1 Million neurons and curve fitting

Suppose you have a layer of 1 million ReLU neurons in a conventional artificial neural network. Each neuron has 1 million weights to connect back to the neurons in the prior layer. The neural network is trying to fit some complicated curve in higher dimensions. Each neuron is trying to match a place where the curve changes, and change the response of the neural network there too.
I think they are sometimes called break points.
The problem is you are using 1 million weights just to get 1 change decision ( break point decision.) That seems excessive and inefficient for curve fitting.
What is the optimal number of weight parameters to use per change decision, 1000, 100? Or is it actually way over to the other extreme and you should only use 1 or 2 parameters per change decision?
That is possible using fast distributive random projections or fast distributive transforms and parametric activation functions.
The biological brain because of the high connectivity (to 1000 to 10000 other neurons) of biological neurons would only need 2 layers of 1 million neurons to do a large fast random projection. A algorithm on a digital computer would need 20 mathematical layers to reach the same level of connectivity for full random distribution.
If there was evolutionary pressure to reduce the number of parameters that needed to be adjusted to get a behavior or response then it is possible that nature could find such an arrangement.

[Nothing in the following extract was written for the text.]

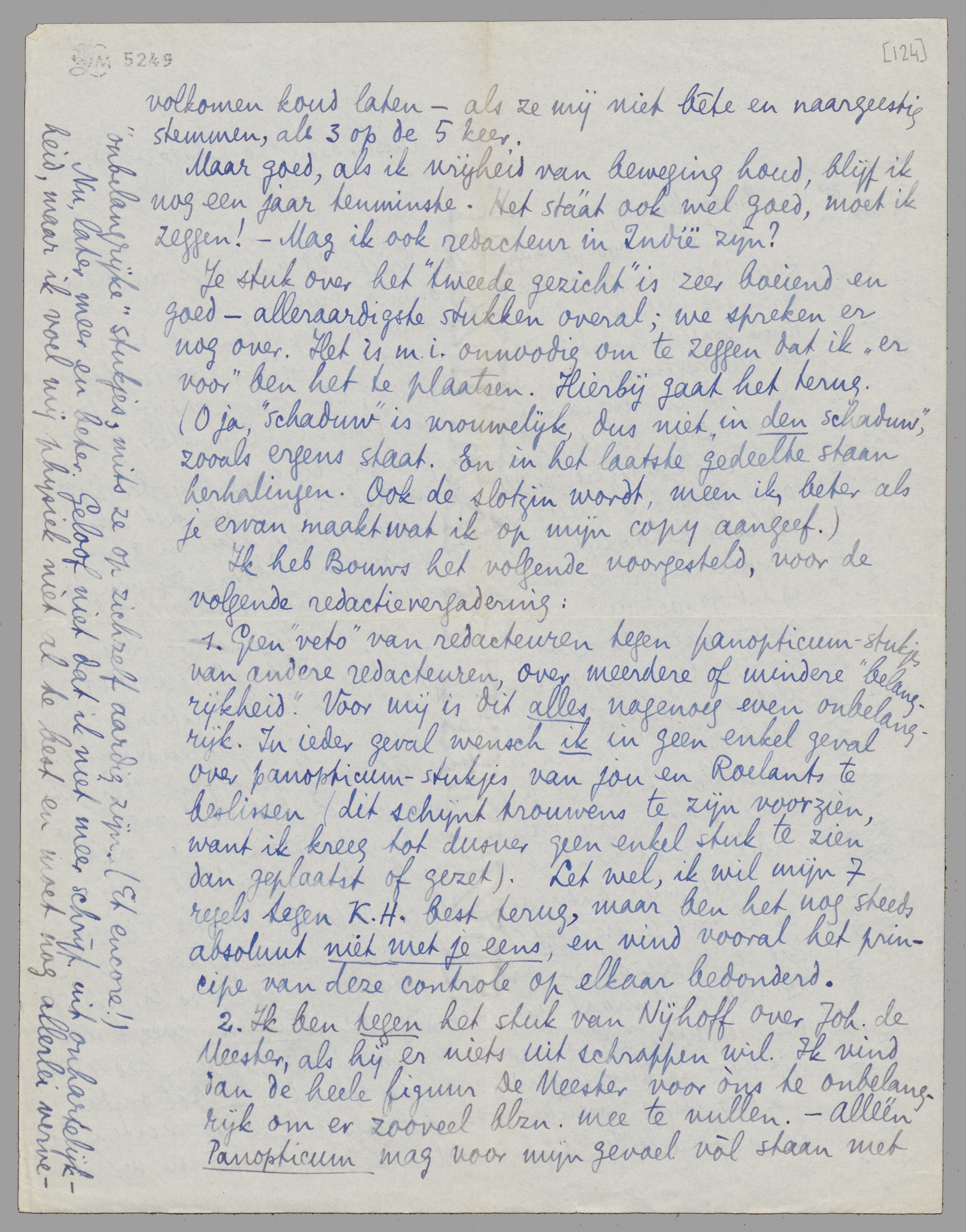 1. Geen ‘veto’ van redacteuren tegen panopticum-stukjes van andere redacteuren, over meerdere of mindere ‘belangrijkheid’. Voor mij is dit alles nagenoeg even onbelangrijk. In ieder geval wensch ik in geen enkel geval over panopticum-stukjes van jou en Roelants te beslissen (dit schijnt trouwens te zijn voorzien, want ik kreeg tot dusver geen enkel stuk te zien dan geplaatst of gezet). Let wel, ik wil mijn 7 regels tegen K.H. best terug, maar ben het nog steeds absoluut niet met je eens, en vind vooral het principe van deze controle op elkaar bedonderd. 2. Ik ben tegen het stuk van Nijhoff over Joh. de Meester, als hij er niets uit schrappen wil. Ik vind dan de heele figuur De Meester voor òns te onbelangrijk om er zooveel blzn. mee te vullen. - Alléén Panopticum mag voor mijn gevoel vòl staan met ‘onbelangrijke’ stukjes, mits ze op zichzelf aardig zijn. (Et encore!)

To get even more complicated you could mix parametric activation functions and standard non-parametric activation functions with fast random projections or fast transforms to get a fractional number of parameters per change decision, for example 0.5 parameters per change decision. I haven’t tried that yet, but it is certainly possible.

1 Like

There is a nice video about the ‘breakpoints’ of a conventional ReLU neural network that is very interesting:

However if you think about a conventional neural network of width 1 million, then each neuron needs 1 million weight parameters, and for that you only get 1 breakpoint !

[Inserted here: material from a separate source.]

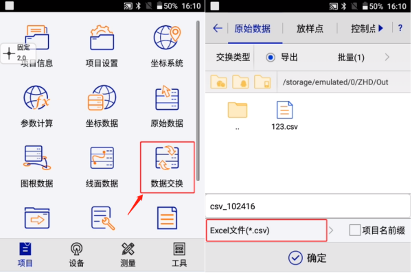 1、進入Hi-Survey軟件界面,點擊【項目】-【數據交換】,進入數據導出界面,點擊下方紅色框中文件,如圖所示:

You could even get down to a fractional number of parameters per curve decision (breakpoint) using fast transform neural networks. Instead of making all the activation functions in the neural network parametric you could make for example 25% parametric and the other 75% standard non-parametric activation functions. You could end up with say 0.5 parameters per breakpoint.
I haven’t tried that in code yet, I don’t know if it would be beneficial.